Les lieux, les personnes, chacun porte encore dans sa mémoire, le nom qui lui revient. A l’image de celui à qui il ressemble tant, son discours est ponctué de paroles bienveillantes, les sages diraient « positives ». Pas de haine même s’il a « beaucoup encaissé » et s’il a désiré après bien des désillusions « tirer un trait sur toutes les religions et la politique qui ont détruit beaucoup de monde » Celui qui tout jeune a soigné sa mère, puis récemment son épouse qu’il a vu partir tout comme, avant elle, ses trois enfants, impuissant devant le sort qui s’est acharné, insiste sur le fait que « toute sa vie il a fait de ses actes des bonnes actions, ne reculant devant rien ». L’humaniste a souhaité inscrire dans les premières pages de son livre toute la confiance qu’il a dans l’homme intimement lié à la nature. L’arbre et le bois restent une référence qui tient à cœur de celui qui après avoir travaillé à l’exploitation familiale a travaillé ensuite à Jarnac, après maints petits boulots, à l’entreprise de bois Roger : « Comme l’arbre a besoin de puiser ses forces dans la profondeur de la terre pour se développer et faire face aux tempêtes, l’homme a besoin de ses racines pour se tenir debout ». Le livre de Paul se veut être les racines qui aideront ses cinq petits-enfants, ses cinq arrière-petits enfants et tous ceux à venir, à grandir et se tenir debout en se souvenant de Pépé Paul.

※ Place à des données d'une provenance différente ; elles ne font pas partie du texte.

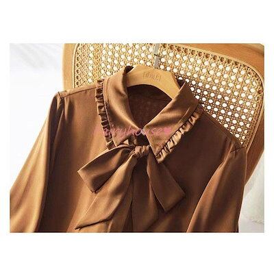 オフィスブラウス 40代 オシャレブラウス 秋服 通勤 レディース ブラウス 長袖ブラウス 50代 韓国風 リボンフレア ゆったりシャツ 30代 大人 折り襟トップス

Le jour de la fête, aux petits-enfants heureux de recevoir le livre, le grand-père a prévenu : « Il ne suffit pas de lire, il vous faudra aussi comprendre »

 

Je suis restée plus de deux heures avec Paul. J’ai découvert, au hasard des pages de son livre que j’ai feuilleté, des détails d’épisodes de sa vie que je ne livrerai pas ici. Des hasards, des coïncidences troublantes que je garderai secrets. Je suis revenue chez moi en ce beau samedi qui sentait déjà le printemps, troublée, émue. J’ai déjà dit quelque part, et je l’avoue sans honte, que bien des personnes âgées m’ennuient, et que j’ai aujourd’hui envie de me tenir éloignée de la vieillesse pour l’avoir côtoyée très jeune, trop jeune. Mais pour faire à la Brassens, je pense que le fait d’être ennuyeux, triste et vieux n’a pas forcément de rapport avec l’âge. Car au final, les personnes âgées qui me sollicitent pour le journal, celles qui prennent plaisir à discuter avec moi, sont des gens remplis de sagesse, d’intelligence au sens noble et large du mot, des gens qui ont tellement de choses à dire et que j’aime entendre, sans appréhension.

Je repars donc sur le coup des 16 heures après avoir pris un petit café en compagnie de celui que j’avais cru reconnaître en entrant.

Je fais la bise à Paul. La barbe est douce, je sens que le papi est ému aussi. Je suis touchée par la confiance qu’il a mis à se livrer, et qu’il met en moi pour transmettre tout cela au journal.

Il m’accompagne sur le pas de la porte. Je lui promets de me rendre disponible, pile poil, dans dix ans, pour la suite de ses mémoires. 

Je crois que Papi Paul viendra faire un petit tour ici. Je le salue ainsi que Nadine. Je sais que d'autres tomes sont prévus à ses mémoires. Une belle façon de faire revivre le passé dans l'avenir et de lui-même se projeter dans l'avenir grâce à son passé. Une façon pour le sage qu'il est d'avancer avec son vécu et permettre à ses petits descendants de profiter de son expérience.Je remercie aussi, en passant, Samuel, un autre humaniste à la barbe fleurie, qui m’a donné l’opportunité de faire cette belle rencontre.